Insólito. Família passa 12 horas a preparar funeral de idoso dado como morto em Leiria. Afinal, estava vivo

O idoso tem 81 anos e a família alega que lhe terá sido notificada a morte do mesmo. Hospital nega ter feito qualquer chamada a comunicar o óbito.

Uma família de Pombal, em Leiria, viveu um episódio insólito: passou 12 horas a organizar o funeral de um idoso de 81 anos, internado no Hospital de Santo André, depois de ter sido informada do falecimento do mesmo. No entanto, a família acabou por descobrir, apenas ao final do dia, que o idoso estava vivo.
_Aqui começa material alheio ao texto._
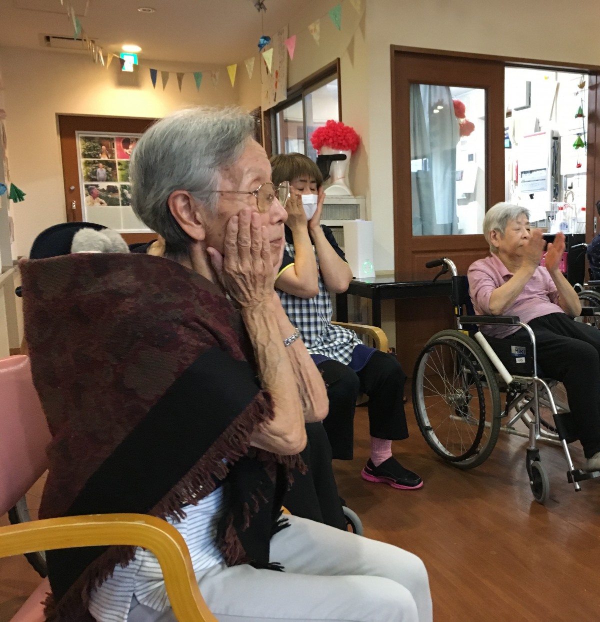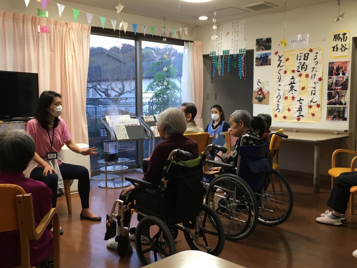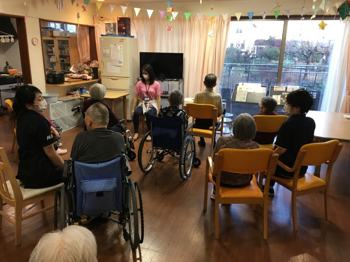 いるのですが、本日はその職員達を指導してくださったインストラクターさんをお招きしてご利用者様の皆様と夕食のお食事前の時間にほんのりとヨガレッスンをしていただきました(*'▽')
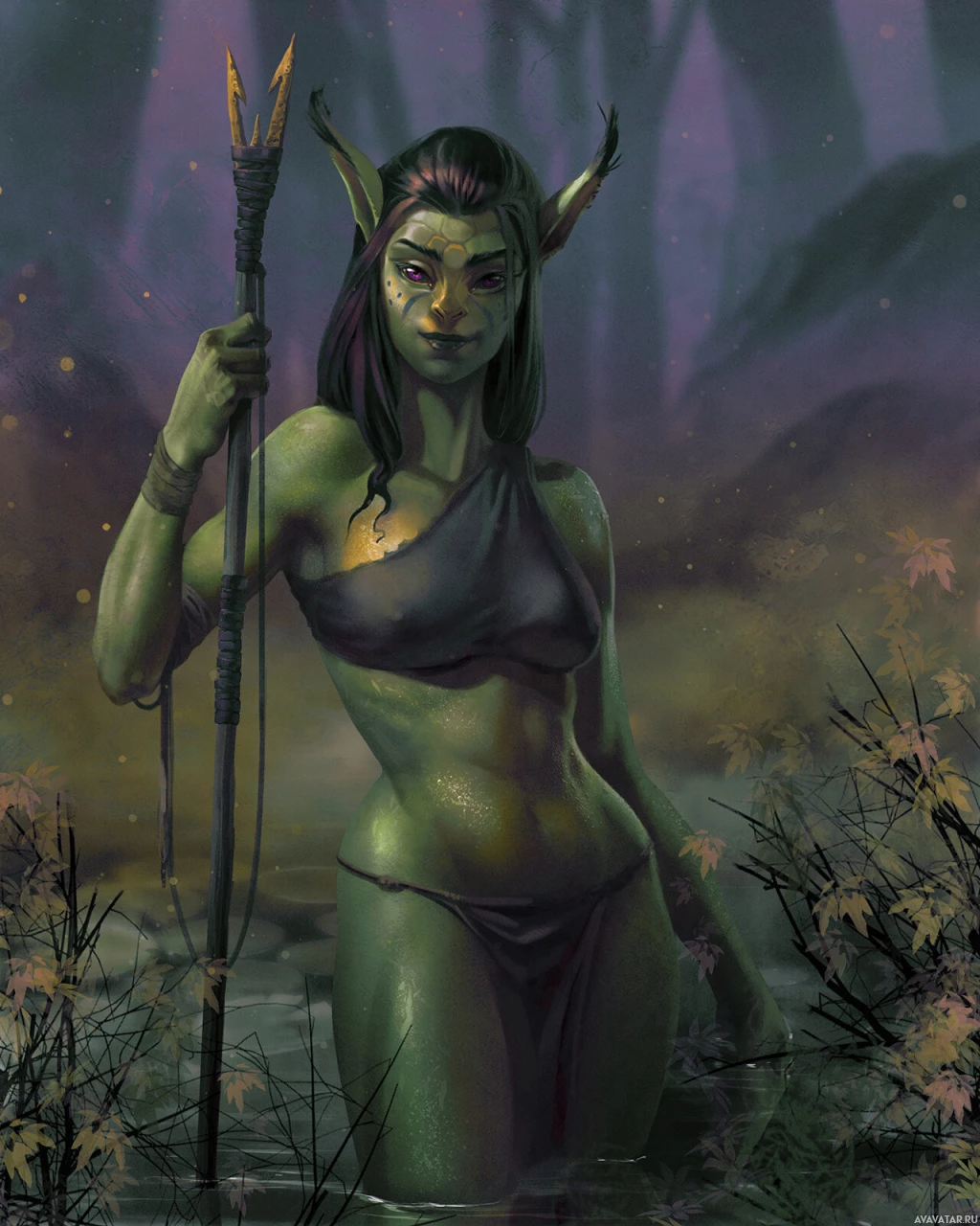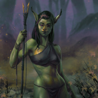 green skin and pointed ears characteristic of elves, and she is wearing a loincloth or leotard that suggests a jungle or wilderness setting. She is holding what looks like a spear or staff, further indicating a theme of action or combat in the image. The background includes misty trees and foliage, which adds to
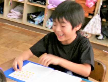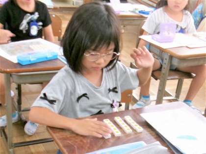 5×1、5×2……のように、かけ算の式に書く方法と答えの出し方を学習していました。

De acordo com o “Correio da Manhã“, o primeiro contacto do hospital aconteceu na manhã de sexta-feira, 25 de outubro, altura em que foi transmitida a notícia do falecimento do idoso. A família procedeu então à notificação de uma funerária local, que se viu envolvida numa série de tentativas para confirmar o óbito junto do hospital.

Recorrendo a chamadas e e-mails, a funerária terá ficado sem respostas, pelo que os funcionários da mesma decidiram deslocar-se ao hospital, onde aguardaram pela libertação do corpo entre as 14 horas e as 18h30. Na altura, foi-lhes explicado pelos clínicos que o processo estava atrasado devido a uma greve, sendo sugerido que voltassem no dia seguinte.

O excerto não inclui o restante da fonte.